Task instructions: For the data that follows, return each line unchanged and drop the pictures.

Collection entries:

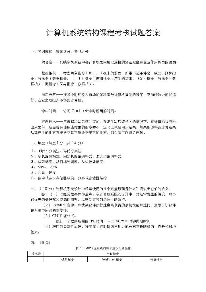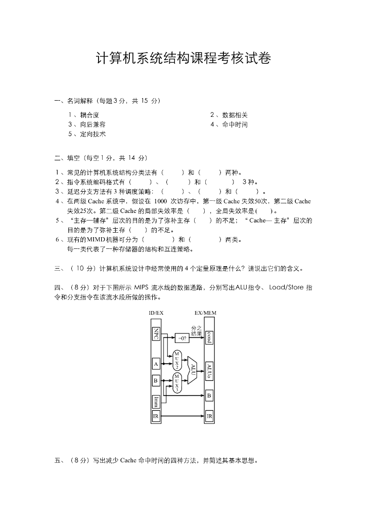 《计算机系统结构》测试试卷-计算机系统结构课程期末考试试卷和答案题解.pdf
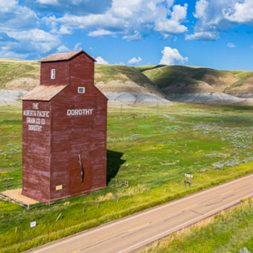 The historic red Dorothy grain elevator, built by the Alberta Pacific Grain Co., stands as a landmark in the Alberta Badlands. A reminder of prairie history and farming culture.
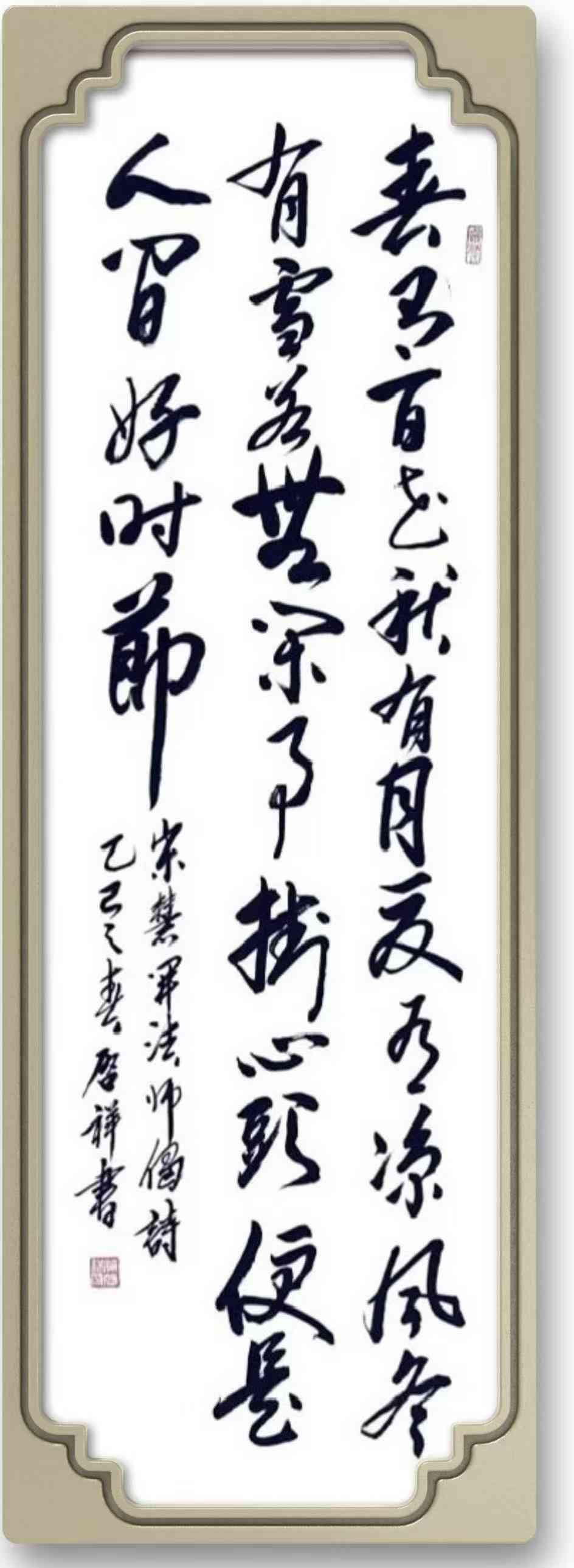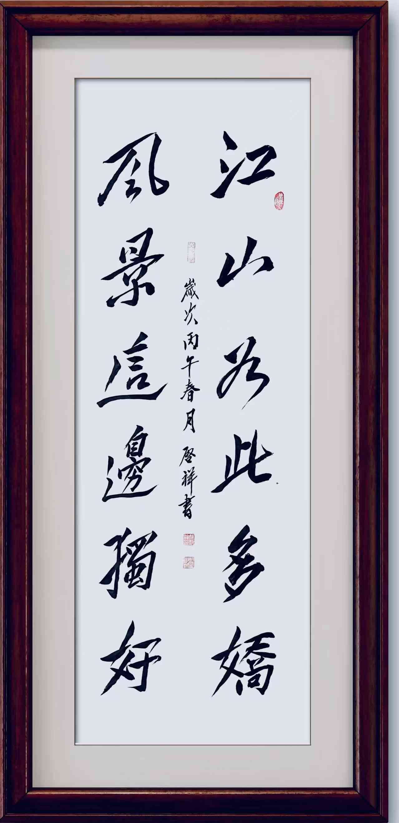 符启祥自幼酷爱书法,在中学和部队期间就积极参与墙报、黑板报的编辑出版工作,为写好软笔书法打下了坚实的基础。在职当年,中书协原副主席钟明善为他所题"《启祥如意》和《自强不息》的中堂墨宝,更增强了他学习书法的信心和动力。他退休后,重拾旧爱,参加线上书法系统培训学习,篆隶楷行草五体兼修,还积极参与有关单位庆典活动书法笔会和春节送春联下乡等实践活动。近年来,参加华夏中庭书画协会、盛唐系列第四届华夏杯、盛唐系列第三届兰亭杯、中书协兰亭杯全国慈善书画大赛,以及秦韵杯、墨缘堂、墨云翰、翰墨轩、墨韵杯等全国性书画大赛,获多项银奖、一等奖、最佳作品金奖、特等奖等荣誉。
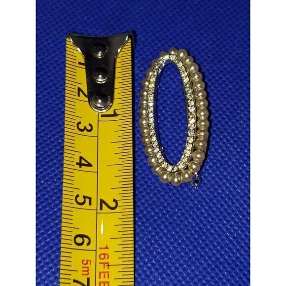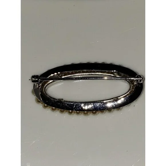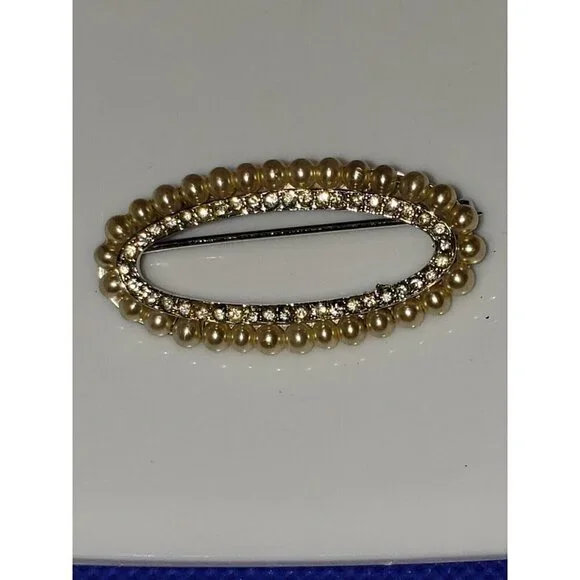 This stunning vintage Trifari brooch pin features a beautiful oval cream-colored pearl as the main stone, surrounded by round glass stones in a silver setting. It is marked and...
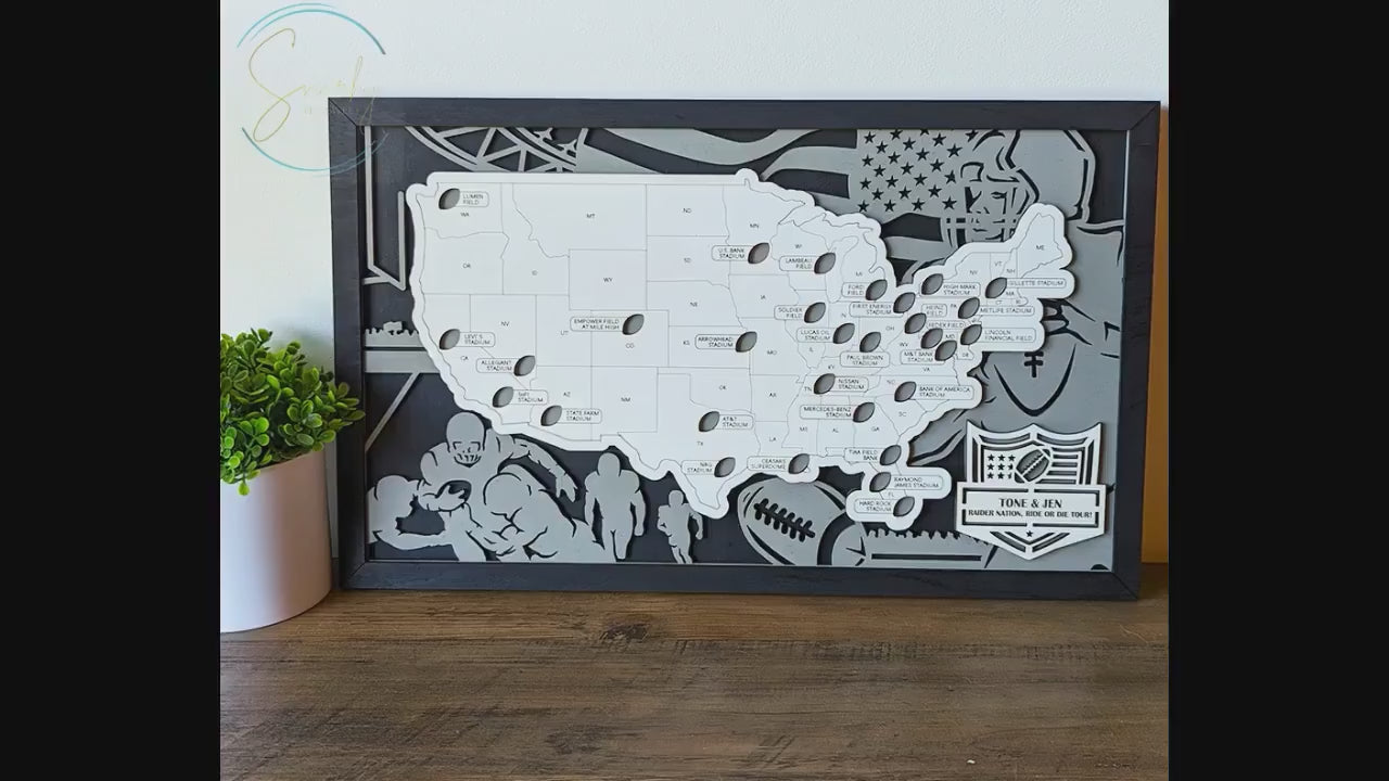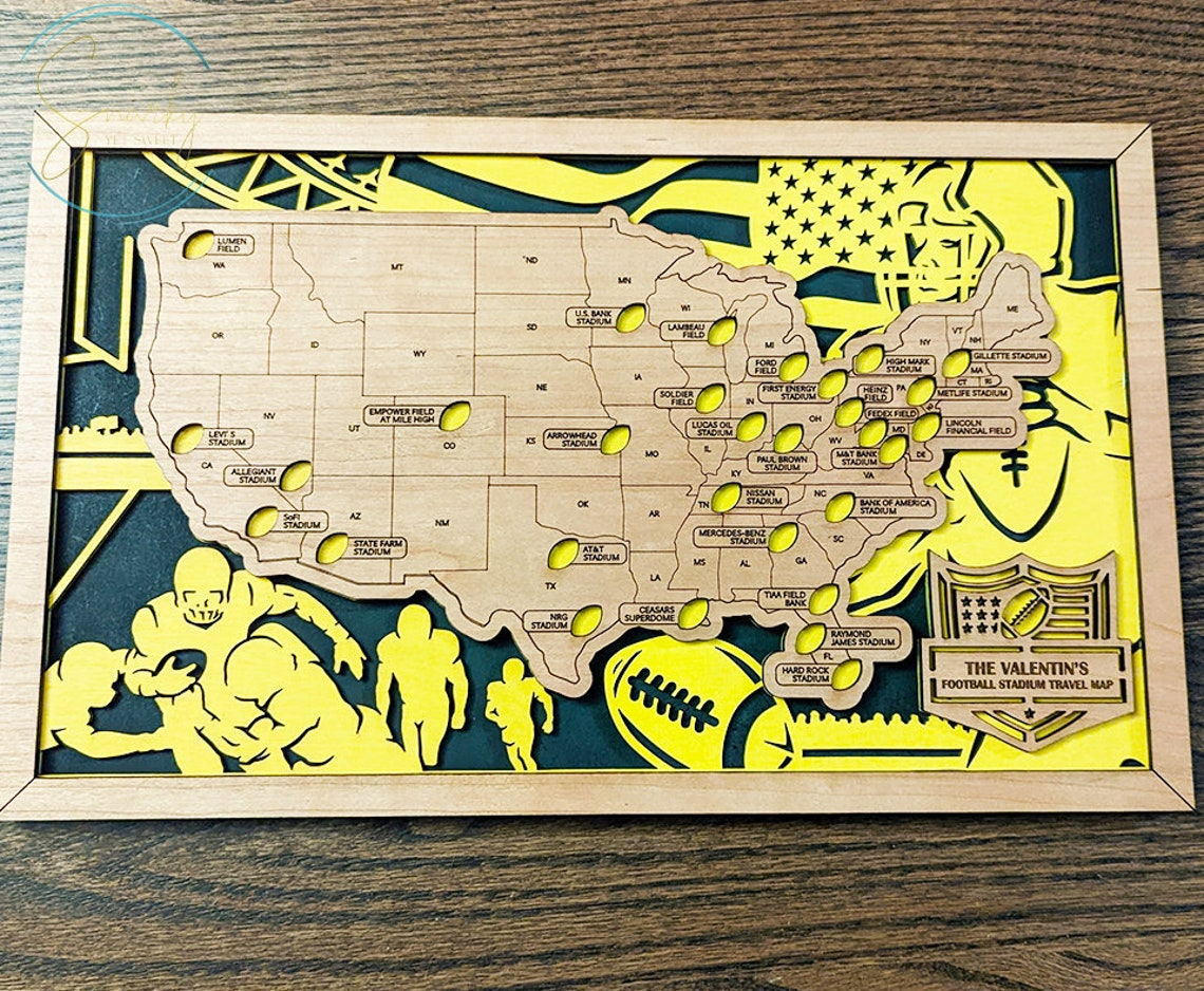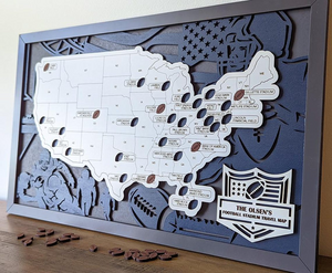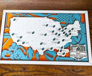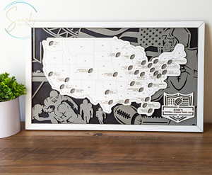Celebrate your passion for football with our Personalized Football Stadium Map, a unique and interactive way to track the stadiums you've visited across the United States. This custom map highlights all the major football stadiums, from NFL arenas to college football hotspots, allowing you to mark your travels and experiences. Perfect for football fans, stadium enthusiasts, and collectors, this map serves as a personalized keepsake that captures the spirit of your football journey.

Output for this exercise:
 《计算机系统结构》测试试卷-计算机系统结构课程期末考试试卷和答案题解.pdf
 The historic red Dorothy grain elevator, built by the Alberta Pacific Grain Co., stands as a landmark in the Alberta Badlands. A reminder of prairie history and farming culture.
 符启祥自幼酷爱书法,在中学和部队期间就积极参与墙报、黑板报的编辑出版工作,为写好软笔书法打下了坚实的基础。在职当年,中书协原副主席钟明善为他所题"《启祥如意》和《自强不息》的中堂墨宝,更增强了他学习书法的信心和动力。他退休后,重拾旧爱,参加线上书法系统培训学习,篆隶楷行草五体兼修,还积极参与有关单位庆典活动书法笔会和春节送春联下乡等实践活动。近年来,参加华夏中庭书画协会、盛唐系列第四届华夏杯、盛唐系列第三届兰亭杯、中书协兰亭杯全国慈善书画大赛,以及秦韵杯、墨缘堂、墨云翰、翰墨轩、墨韵杯等全国性书画大赛,获多项银奖、一等奖、最佳作品金奖、特等奖等荣誉。
 This stunning vintage Trifari brooch pin features a beautiful oval cream-colored pearl as the main stone, surrounded by round glass stones in a silver setting. It is marked and...
Celebrate your passion for football with our Personalized Football Stadium Map, a unique and interactive way to track the stadiums you've visited across the United States. This custom map highlights all the major football stadiums, from NFL arenas to college football hotspots, allowing you to mark your travels and experiences. Perfect for football fans, stadium enthusiasts, and collectors, this map serves as a personalized keepsake that captures the spirit of your football journey.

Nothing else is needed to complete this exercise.